On a test corpus of 50 PRs that human engineers had reviewed, the agent identified 73% of the bugs the humans caught, and flagged 12 issues the humans missed (8 of which were confirmed as real bugs on closer inspection).
The Gotchas
Agents must be sandboxed when executing code. If your agent can run code, it can run arbitrary code. Always execute in isolated environments — Docker containers, restricted VMs, or subprocess sandboxes with resource limits. Never run agent-generated code directly on your host.
Conversation history grows with every step. Each tool call and result adds to the message history. For long-running agents, you’ll hit the context window limit. Implement message summarization: after every N steps, ask the model to summarize the work done so far and replace the detailed history with the summary.
Agents can loop on failure. If a tool consistently returns errors, the agent may retry indefinitely or spiral into confusion. Implement per-tool retry limits and add explicit failure detection: if the same tool fails 3 times in a row, abort the agent with a clear error.

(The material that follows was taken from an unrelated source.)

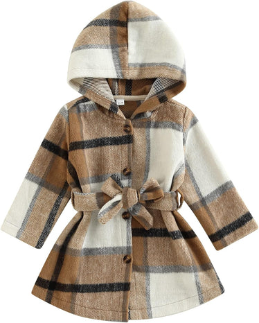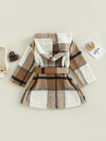 Toddler Baby Girl Dress Coat Long Sleeve Plaid Baby Girl Fleece Jacket Fall Winter Outerwear Outfit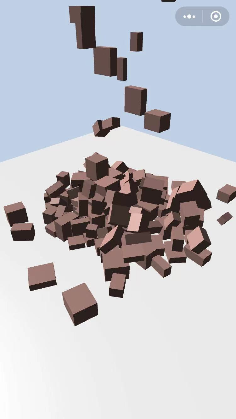 从上述仓库中获得的Ammo相关文件,在微信小游戏环境中Ammo.js版本可以直接使用,本文将不再介绍。但是在使用wasm版本时相信很多开发者将踩坑无数,本文将给出可用的解决方案,演示Demo(Three.js作为渲染引擎)在本文仓库 source/threejs_ammowasm 内,可自行下载体验(附效果图一张)。

Observability is critical. An agent that ran for 20 steps and produced a wrong answer is nearly impossible to debug without step-by-step logging. Log every tool call, its inputs, and its outputs. Use distributed tracing to capture the full execution tree.
Key Takeaway
🎓 Course Complete! You’ve finished “Go and AI/LLM Integration.”
Agents in Go are a tool execution loop around an LLM. The ReAct pattern — reason, act, observe, repeat — maps directly to a for-loop that calls the LLM, executes tool_use blocks, and feeds results back. Use Go’s concurrency to execute independent tool calls in parallel. Cap the step count to prevent runaway agents. Sandbox any code execution. Log every step for observability. The combination of Go’s performance and type safety with the reasoning capabilities of modern LLMs produces agents that are both capable and maintainable — and unlike most Python-based agent frameworks, they’re genuinely easy to deploy and operate.